▽

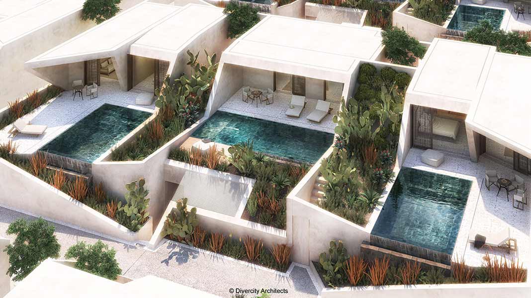 Το resort, το οποίο αντλεί έμπνευση από τις γεωμετρικές φόρμες της αρχιτεκτονικής του νησιού, έχει δυναμικότητα 121 δωματίων, τα περισσότερα εκ των οποίων διαθέτουν ιδιωτικές πισίνες, ένα μοναδικό spa με εσωτερική και εξωτερική πισίνα, και δύο εστιατόρια.
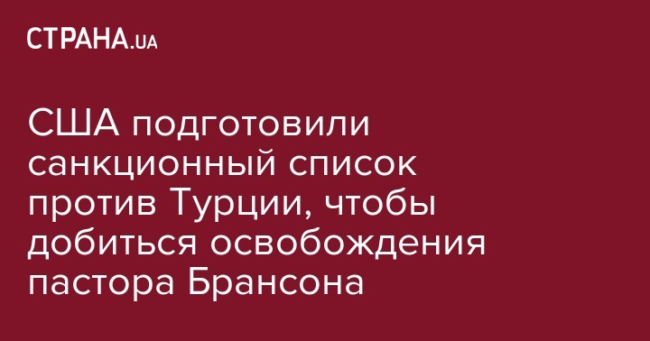 Вашингтон подготовил список частных и юридических лиц в Турции, против которых могут быть введены санкции в ответ на содержание под стражей пастора Эндрю Брансона, чьего освобождения добивается администрация США, сообщило агентство Bloomberg со ссылкой на источники.
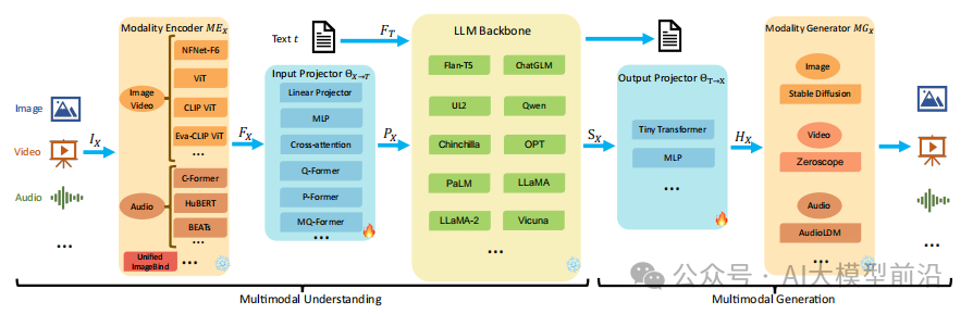 图2 MM-LLMs的一般模型架构以及每个组件的实现选择。
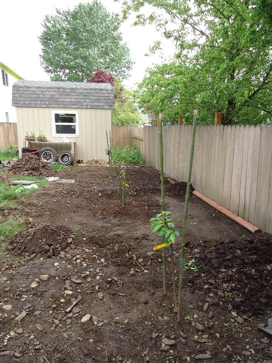 This is a partial shot of my backyard (another work in progress). The trees are newly planted bare root fruit trees from Wilco. The green stakes are bamboo harvested from my parents’ yard.
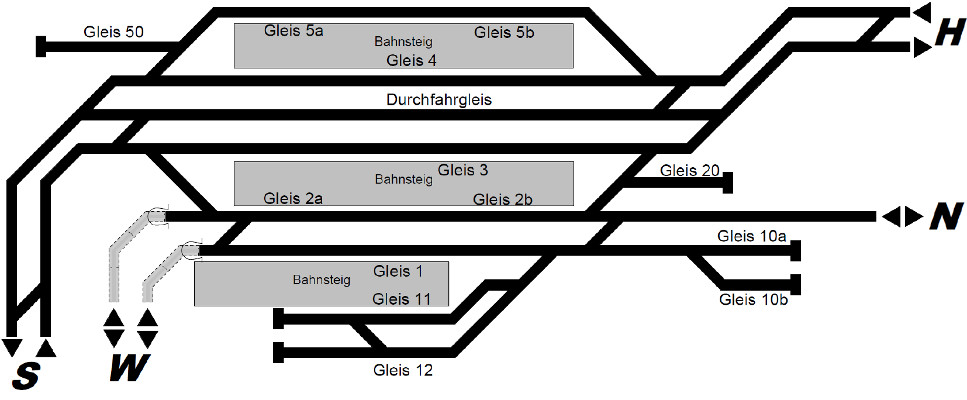 von/nach der Nebenstrecke (N). Gleis 12 dient dabei als Umfahrgleis zum Umsetzen von Lokomotiven im Gleis 11.
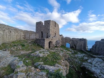 Castello Belvedere é uma fortaleza pentagonal pendurada a 750 metros em um afloramento rochoso, com muros exteriores e uma torre de vigia central dominando o Mar Jônico. A estrutura exibe características defensivas medievais típicas, incluindo frestas para flechas e caminhos de patrulha ao longo das muralhas.
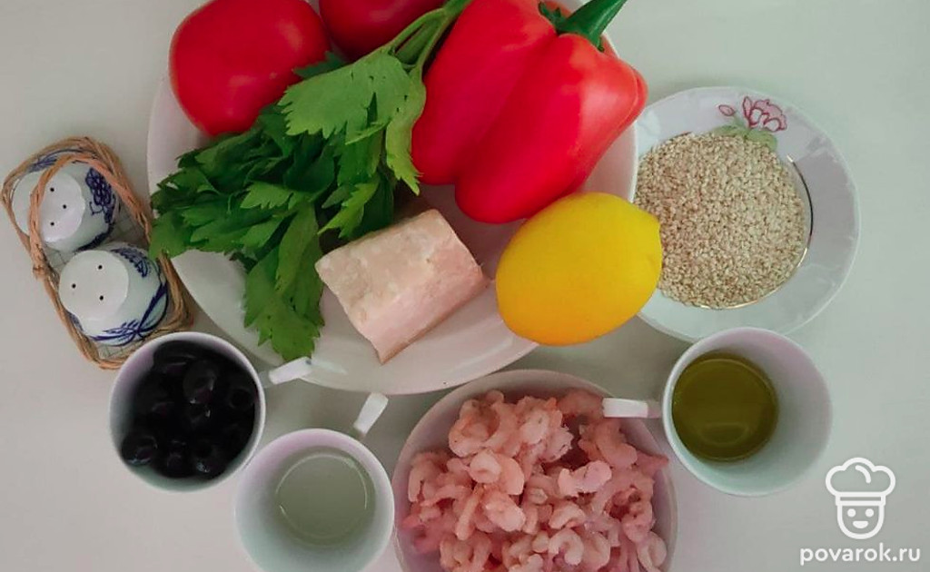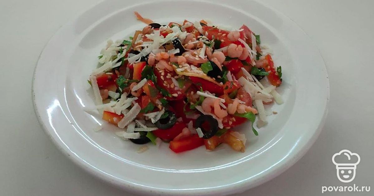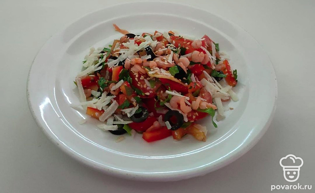 Легкий салат с креветками и овощами
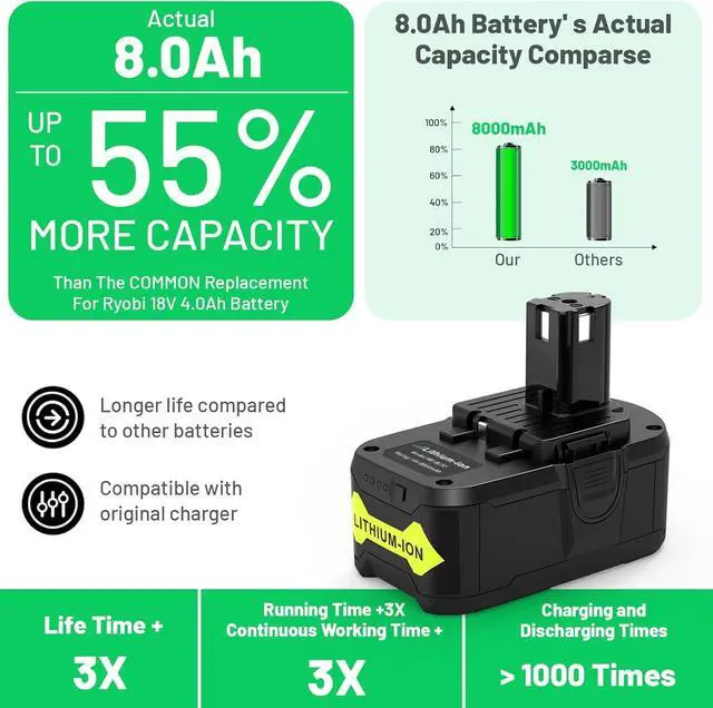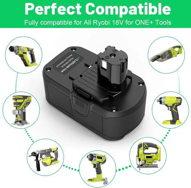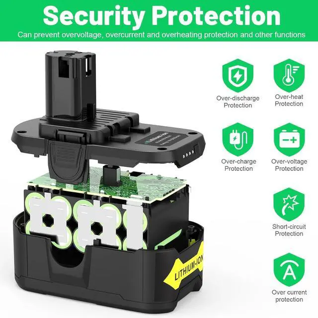 SAFE & RELIAE: Replacement for Ryobi battery 18V is with Built-in integrated microchip, will prevent overcharging, self-discharge, overcurrent protection, short circuit protection and lengthens battery life
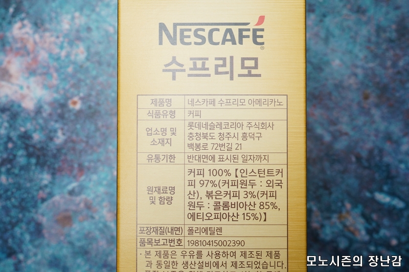 ※원재료 및 함량 : 커피 100%[인스턴트 커피 97%(커피원두 : 외국산), 볶은커피 3%(커피원두 : 콜롬비아산 85%, 에티오피아산 15%)]로 다른 인스턴트 카피 아메리카노 제품들처럼 여러 원산지의 커피가 블랜딩된 제품이기 때문에 네스카페만의 레시피로 만들어진 제품입니다.

△

PROBLEM REQUIREMENTS: Give again, word for word, every line from the top of the entries above to the line holding "图2 MM-LLMs的一般模型架构以及每个组件的实现选择。", both included. Leave the pictures out.

WRITTEN RESPONSE:
 Το resort, το οποίο αντλεί έμπνευση από τις γεωμετρικές φόρμες της αρχιτεκτονικής του νησιού, έχει δυναμικότητα 121 δωματίων, τα περισσότερα εκ των οποίων διαθέτουν ιδιωτικές πισίνες, ένα μοναδικό spa με εσωτερική και εξωτερική πισίνα, και δύο εστιατόρια.
 Вашингтон подготовил список частных и юридических лиц в Турции, против которых могут быть введены санкции в ответ на содержание под стражей пастора Эндрю Брансона, чьего освобождения добивается администрация США, сообщило агентство Bloomberg со ссылкой на источники.
 图2 MM-LLMs的一般模型架构以及每个组件的实现选择。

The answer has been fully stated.